She knows her parents are debating any number of topics. Maybe they want to talk to her about sex. Or what love is really like. Or, if they feel bold, they want to explain how life, unlike what they’ve presented thus far, is a cold and lonely place, and they’re a tad worried she’s learned this too soon. Possibly they want to get really specific. They want to tell her how sometimes bad things happen and, yes, it brings people together, but it can also create attachments that, while not bad, are not by such automatically positive. And they fear this has happened to her, and that this boy, Tom, who seemed like an alright guy when he picked her up, may be inadvertently, and by no fault of his own, prolonging her pain and intensifying her suffering.None of it gets said.They think: She’s only sixteen. Kids don’t feel things that serious, and I’m projecting my emotions on her. I shouldn’t put these thoughts in her head. Besides, other than the occasional second, she seems happy, and okay with life, so let her be a kid and…The problem’s I’m no “kid.”

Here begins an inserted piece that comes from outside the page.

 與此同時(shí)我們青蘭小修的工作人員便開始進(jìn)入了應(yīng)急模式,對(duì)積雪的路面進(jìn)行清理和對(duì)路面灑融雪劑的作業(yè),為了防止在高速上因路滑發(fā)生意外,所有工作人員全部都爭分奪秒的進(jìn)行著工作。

My Interview with Justin Ordoñez

BHC: Tell us a little about yourself.
Justin: My name is Justin Ordoñez, I live in Seattle, Washington, I’m thirty years old, I like to write, and I eat religiously at the same two restaurants. Routine has always been a serious part of my life, though strangely I think most people would describe me as spontaneous. Suffice it to say, I’m my most spontaneous when I’m in a daily routine where spontaneity is factored in, if that makes sense. I nearly graduated from the University of Washington in Political Science, but I dropped out to finish my novel Sykosa.
BHC: Did you plan to be a writer or did it just happen?

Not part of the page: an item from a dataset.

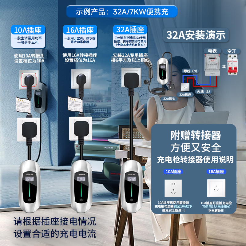 新能源电动汽车16A便携式 随车充7KW比亚迪理想小鹏特斯拉充电桩枪

Justin: I wanted to be a writer when I was very young. For years, I just kind of did it because it filled in the boredom in life. I had parents who were super type-A types. They’re always going something and I found, going into my teen years, that I was unable to just sit around and do nothing. I always had to be doing something. Writing kept my mind busy, it was fun, and I enjoyed it. I’ve never had the same ambition as my parents, but I definitely had work ethic, and writing gave me a vent for that.
BHC: What is your favorite non-writing pastime?

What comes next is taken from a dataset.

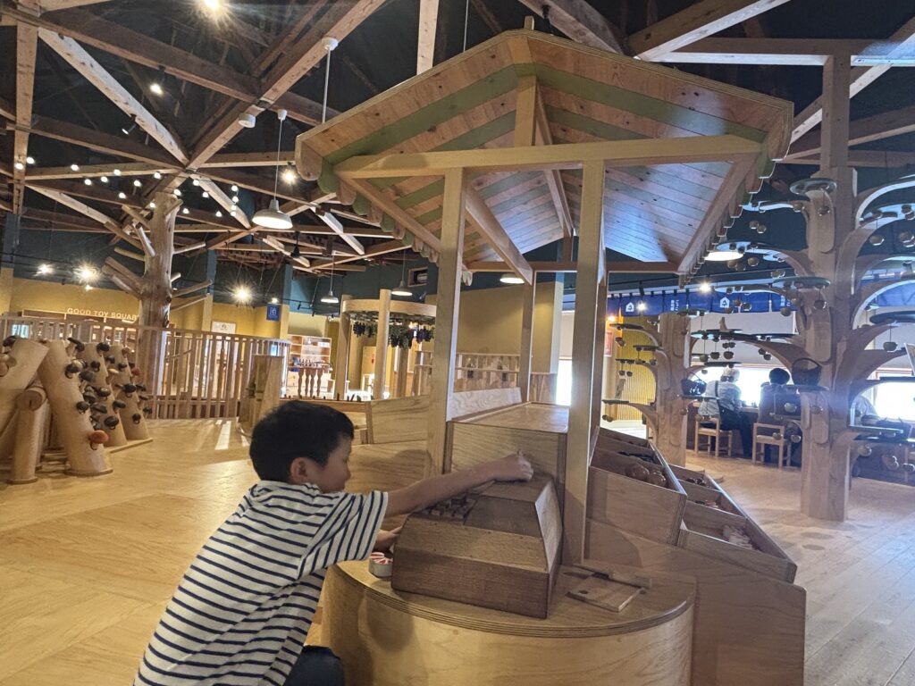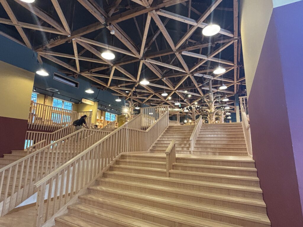 「おもちゃ美術館」という名前から、最初は子ども向けの施設かと思っていたのですが、実際に訪れてみると大人も感動する“木の建築”が広がっていて、建築好きの私にはたまらない空間でした。

Justin: I like watching the NBA. I play in a fantasy basketball league with 9 or 10 friends. I watch the play-offs every year religiously, no matter who is playing. I just love the sport of basketball. I think it’s really poetic how it’s played, so creative and technical at the same time, and such grace at the same time. I loved playing basketball when I was young, so I have an idea of how hard it is to do the stuff you see on TV, and I appreciate the special talent it takes to make it that far.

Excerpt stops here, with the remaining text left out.